¡Hola, visitante curioso!
Yo soy Marah, y siempre he sido bastante desastre.
Me pasaba la vida corriendo de un lado a otro, tratando de hacer mil cosas a la vez y sintiendo que siempre llegaba tarde a todo, que siempre lo dejaba todo a medias.
¿Te suena?
Me engañaba a mí misma diciéndome que el mundo iba muy rápido y que yo tenía que seguir su ritmo. En fin, que la vida era así y punto.
Y en esa carrera se iban amontonando los días, los meses y los años, uno tras otro. Sin disfrutar del tiempo, que es el regalo más preciado. Sin aprovecharlo.
Pero, un día, la vida me dio un tortazo con la mano abierta.
Me hizo pararme en seco y, a la vez, correr más rápido de lo que había corrido jamás. En una prueba médica como otra cualquiera debida a unas molestias leves, a mi chico le detectaron un tumor.
Un cáncer.
Pocas palabras tienen tanta fuerza y dan tantísimo miedo.
Durante diez segundos, me vine abajo. ¿Has sentido alguna vez que el mundo tira del freno de mano y te da seis vueltas de campana? Pues así.
Pero solo fueron diez segundos, porque ahí sí que no había tiempo que perder.
Y corrí, corrí mucho, porque mi universo se había parado.
Corrí con la energía y la fuerza de dos durante meses, porque no quedaba otra opción.
Y en ese camino encontré muchas cosas extraordinarias.
Conocí personas increíbles que nos llenaron de amor y ánimo.
Descubrí que, con la motivación suficiente, todos podemos ser capaces de hacer lo que antes nos parecía inimaginable.
Aprendí a no juzgar a los demás, porque nunca sabes los pesos que cargan en sus mochilas.
Y me encontré de nuevo con el arte, especialmente con el Zentangle®.
Aunque ya lo conocía, fue entonces cuando lo descubrí de verdad.

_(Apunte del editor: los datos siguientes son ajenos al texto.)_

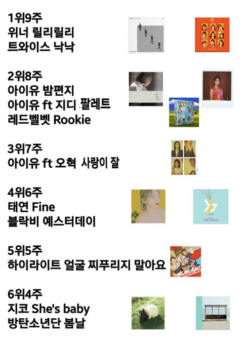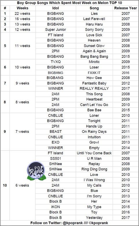 남자아이돌 멜론 주간차트 10위권 기록 순위

Cada sesión de Zentangle era mi ratito de paz mental. Me ayudaba a evadirme, a soltar lastre y cargar de nuevo las pilas, a transformar la ansiedad en concentración e, incluso, a ver las cosas de otra manera y ganar claridad.
Trazo a trazo, el Zentangle me enseñó a fluir mejor con la vida.

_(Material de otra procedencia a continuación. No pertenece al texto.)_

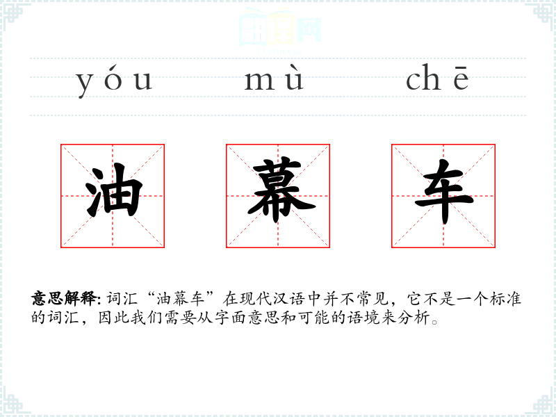 - 反义词:无(由于“油幕车”不是一个常用词汇,反义词可能不适用)

Entonces decidí hacer pequeños cambios en mi mundo para fluir aún más. Entre ellos, titularme como CZT para llevar el método a más personas.
Y para ser aún más feliz.
Hoy vivo un poco más lento y soy algo menos desastrosa.
Disfruto enseñando y compartiendo el Zentangle en mis clases y talleres, maravillándome con todo lo que podemos conseguir con tan poco y demostrando que todos llevamos un artista dentro.
Sí, todos, incluso tú.
Cosas sobre mí que igual te apetece conocer
- Inquieta de mente y exploradora por naturaleza, me gusta probarlo todo, aprender cosas nuevas y escuchar con atención a las personas.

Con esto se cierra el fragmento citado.